El dolor de la derrota es doble, Söderling es uno de los jugadores con los que Nadal mantiene una peor relación en el circuito, una mala sintonía que surgió hace dos años en Wimbledon, tras un maratoniano partido que duró cinco sets y tres días en el que finalmente ganó Nadal. Al terminar el encuentro el sueco arremetió contra las formas en la pista del español, su rencilla pasó a ser parte del panorama del tenis mundial.

Con la derrota, además, se diluyen algunos sueños más. Ya no habrá Grand Slam, al menos no este año, ni se romperá el récord de títulos consecutivos en Roland Garros que comparte con Borg, uno de los pequeños sueños que tenía el equipo del balear este año.
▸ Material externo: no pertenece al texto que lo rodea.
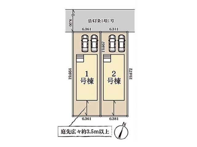 | 駐車場 | 2台 | 道路の幅員 | 2号棟:北8m /1号棟:北8m |

Ahora el cuadro queda huérfano, dispuesto a ser aprovechado por alguno de los tenistas que quedan . Alguno que, antes del partido, no podía soñar con levantar la copa de los mosqueteros.

Tras las derrotas de Nadal y Djokovic la oportunidad parece propicia para Federer. El suizo puede cumplir todos sus sueños de una tacada, ganar en París, su único territorio inexplorado, e igualar a Sampras, pero su tenis en la primera semana tampoco ha dado muestras de que eso vaya a ser fácil.